# DPDT switch...



## ezcomes (Jul 28, 2008)

so...my chorus pedal quit working, but, the LED turns on, the signal still passes through the pedal, but it is not affected...i thought it was the switch but i'm not sure...
my question is, i don't fully know how the switch works, and with the circuit board being double sided, and fairly complex circuit i can't quite follow it... to figure out where the circuits are leading...
so
my question is...as the DPDT switch has two columns of three contacts on each side...do the contacts on each side correspond with each other?
i tried jumpering straight across, but the pedal still isn't working...
any ideas?


----------



## mhammer (Nov 30, 2007)

What chorus? I'm guessing a Small Clone from your description of the switch and inclusion of an LED.

As for the switch, you are correct in your inferences about the contacts. The switch has two "commons" in the middle, each of which can be connected to the outside lug on one side or the other side. So, whether a DPDT or 3PDT, it is arranged in columns of 3.

Stompswitches can be "rehabilitated". I've done this successfully many times. However, if the problem is with a Small Clone, or similar, it may be the JFET used for electronic switching. Since the chorus effect disappears if the wet signal is left out, many manufacturers over the years have used one set of contacts to simultaneously enable a status LED and a second set of contacts to lift/enable the wet signal for "the effect". The input and output connections of the circuit's buffer stages always remain in circuit.


----------



## ezcomes (Jul 28, 2008)

its a Rocktron Deep Blue chorus...


----------



## mhammer (Nov 30, 2007)

Thanks for the info. Looks like the switching arrangement I described. This image from the beavisaudio site indicates they used an "X-wing" DPDT for the switch.

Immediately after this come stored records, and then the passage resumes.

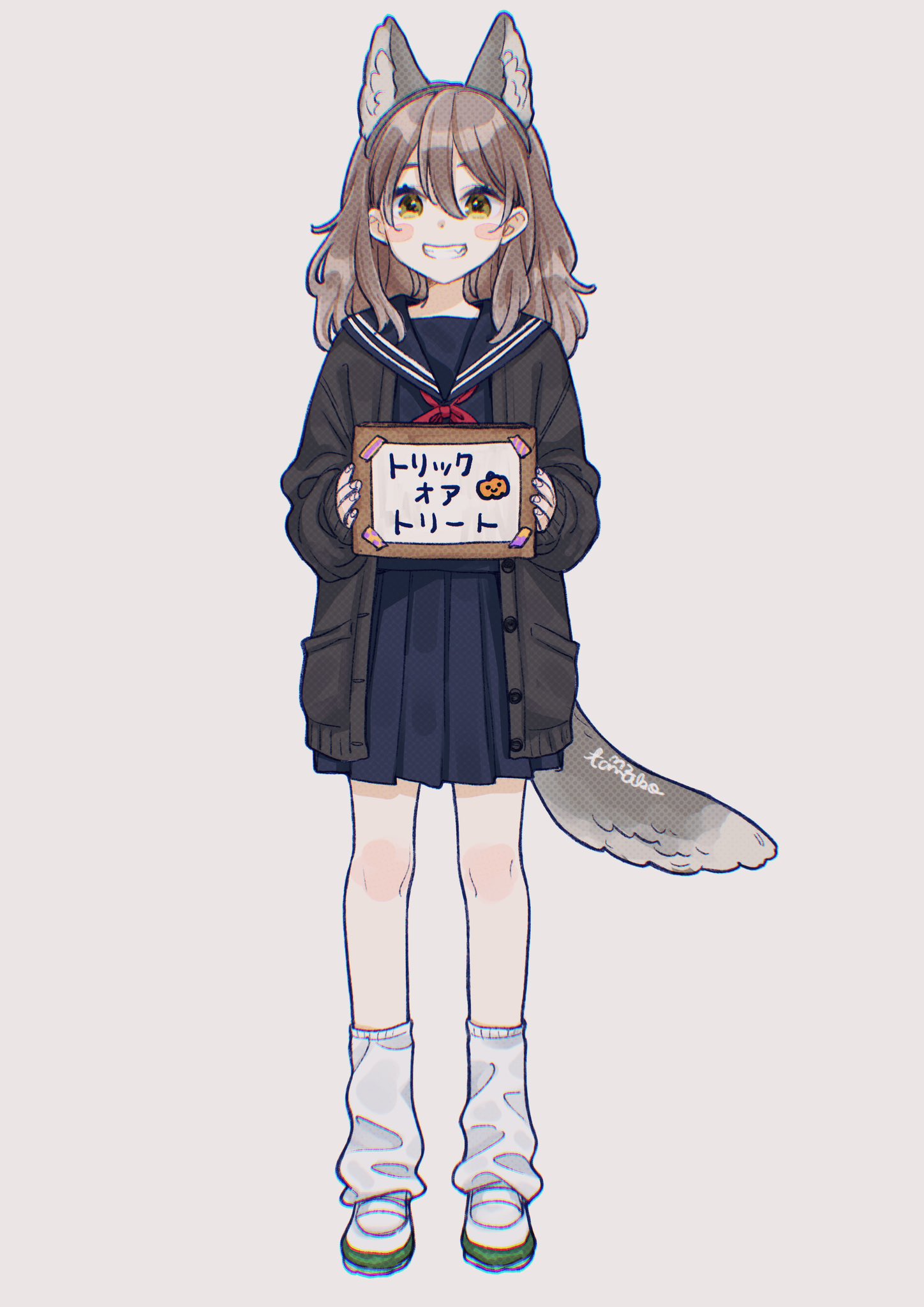 1girl animal_ear_fluff animal_ears black_cardigan black_sailor_collar black_serafuku black_shirt black_skirt blush_stickers brown_eyes brown_hair cardigan full_body grey_background grin hair_between_eyes highres holding long_sleeves loose_socks mizutamako neckerchief open_cardigan open_clothes original pleated_skirt puffy_long_sleeves puffy_sleeves red_neckerchief sailor_collar school_uniform serafuku shirt shoes signature simple_background skirt sleeves_past_wrists smile socks solo standing tail translation_request white_shoes white_socks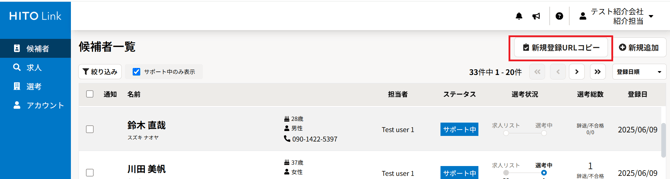 1.サイドメニューの候補者>候補者一覧の〔新規登録URLコピー〕をクリックします。コピーしたURLを候補者へメールで送ります。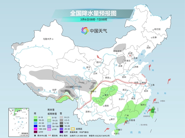 随着冷空气继续向南推进,今天(3月6日),北方的雨雪将大幅缩减,南方的阴雨范围也将有所收敛。明天,中东部此轮雨雪过程将趋于结束。不过紧接着,8日至10日,长江以南地区新一轮阴雨天气将自西向东发展起来。气温方面,今天,降温的重心将转移至江南、华南一带,尤其是华南地区,气温普遍冲高回落,前后冷暖反差较大。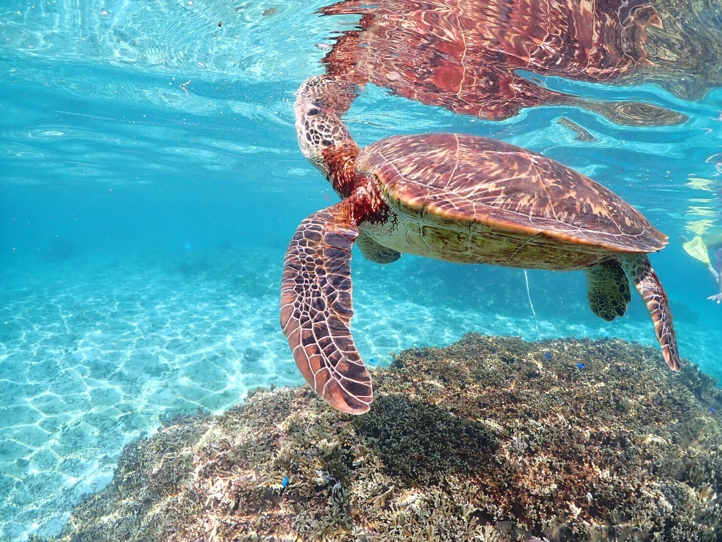 上の写真はウミガメが息継ぎをするため水面に顔を出す瞬間です🐢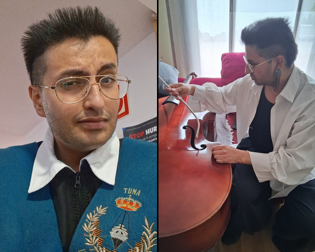 Fue en paralelo a esa evolución cuando comenzó su vínculo más directo con el entorno tunante, no desde la construcción, sino desde la reparación. Empezó a ajustar, mejorar y solucionar los problemas de los instrumentos de sus compañeros, entendiendo de primera mano las necesidades reales de quienes los utilizan en la Tuna.
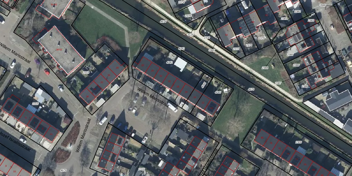 Het perceel waarop Willem Marisstraat 18 staat heeft een oppervlakte van 875 m². Dit is een groot perceel. De perceeloppervlakte wordt geregistreerd door het Kadaster. Gedetailleerde informatie over de maten van dit perceel kunt u vinden in het rapport Kadastrale kaart met maatvoering van Willem Marisstraat 18.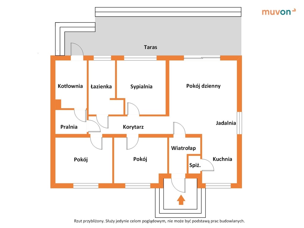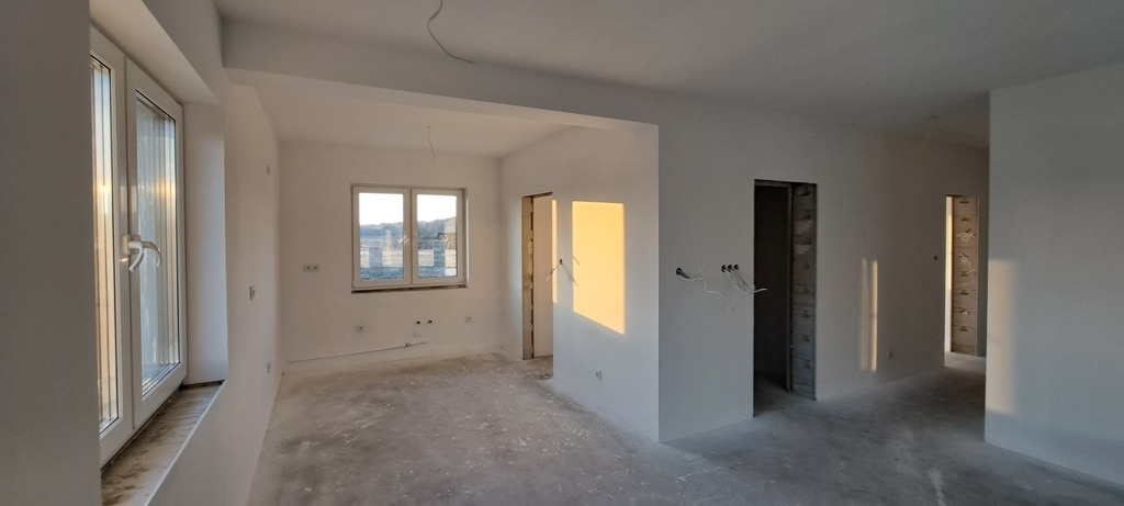 - Układ pomieszczeń: 3 pokoje, salon z otwartą kuchnią, łazienka, pralnia, kotłownia, taras.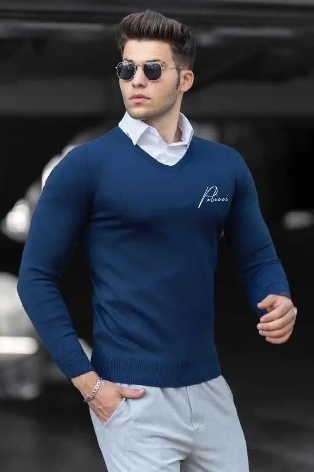 Baskılı V Yaka Uzun Kol Dokuma Triko - Indigo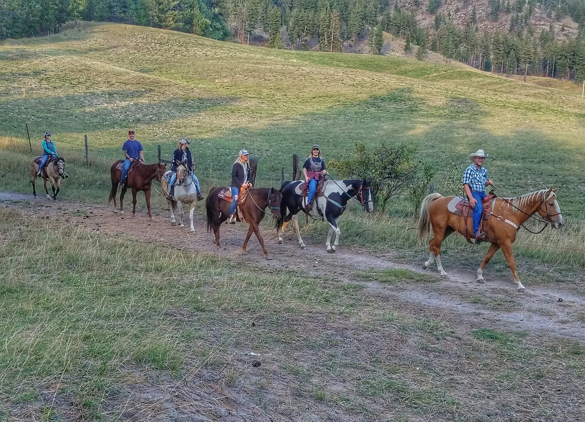 Take a ride with us through Montana's beautiful forests! Rides are on clearly marked trails and old roads over easy terrain and gradual hills on a Private Ranch and lolo national forest, the way Montana was meant to be seen! Our guides, wranglers and provided equipment make your ride the best it can be. We start you off by having guests meet here at the ranch, get fitted for saddles, helmets etc. Use the outhouse and get introduced to their horses. then we load up and trailer the horses 2 miles to our trail head. guests are welcome to ride along in the truck or follow in their own vehicle.

My experience with those switches is that, while generally reliable, they can sometimes come with too much grease inside. When too much heat is applied to the solder lugs, that can cause the grease to liquify and coat the contacts inside, effectively insulating them and preventing contact. I've taken switches like that apart, cleaned off the grease, and re-assembled them to restore functioning. So, it can be done. The question is whether that is worth the trouble, since the problem might be located elsewhere. 

Is there any sign/hint/omen/sense of occasional or intermittent/unreliable contact? or did you go through a stage where stomping sometimes got you the effect and other times you had to press a couple of times to get it to "stick"? If that is the case, then rehabilitating the switch may be worth doing. If we end up going down that road, drop me a PM, and I'll talk you through it.

This image below suggests that it might be possible to identify the JFET involved in switching the wet signal. The transistor in question is likely to have either a K or a J, followed by a 2-3-digit number, and it is likely to be the only one of that type. The shadows make it hard, but I see one contender in the exact middle of the board, and another over by the MN3102 chip.


----------



## ezcomes (Jul 28, 2008)

i don't know...it just doesn't work, except for the LED, i don't even know if i know when the last time it worked was, i don't use it often, but never had a problem with it...the push button still "feels" ok...i can try to take it apart...but, i've jumpered the leads, and it didn't change, so maybe it is the JFET...
i'll see if i can track one down to replace it and see where it goes...
thx for the help!


----------



## mhammer (Nov 30, 2007)

Well, if it uses a JFET for enabling the wet signal, the way I suspect it does, then you can jumper that too and see if that's the problem. But you need to let me know what transistor it is and the part number.


----------



## ezcomes (Jul 28, 2008)

so...tracing the board it looks like they are PNP's as the middle leads appear to go to ground...so i jumpered the outside legs, like you suggested...still nothing...


----------



## mhammer (Nov 30, 2007)

You wouldn't use a bipolar transistor to do switching, whether PNP or NPN. What are the part numbers of all the trannies?


----------



## ezcomes (Jul 28, 2008)

i replaced the LM339 chip...theres nothing on the schematic shownig a JFET with a J or K...they are listed as C1815...


----------



## mhammer (Nov 30, 2007)

The 2SC1815s are more than likely used for either the input buffer, the filtering before and after the delay chip, or both. The 339 is likely used for the LFO section, as it is on a number of other delay-based modulation pedals (e.g., the Washburn Chorus I have).


----------



## ezcomes (Jul 28, 2008)

i think i am lost then...here is the schematic...


----------



## mhammer (Nov 30, 2007)

Oh man, that is one UGLY circuit. What they tried to do was have a stereo output (sum and difference from Outpu A and B), while using the cheapest switch they could find. So, the signal runs through everything, all the time, but the switch does two things when it "bypasses". First, it removes power to the LED so that it goes dark. Second, it grounds the delay signal at the "Intensity" pot, so that only clean signal reaches the two mixer stages at the output. It works, I suppose, but the signal always goes through 3 op-amps. 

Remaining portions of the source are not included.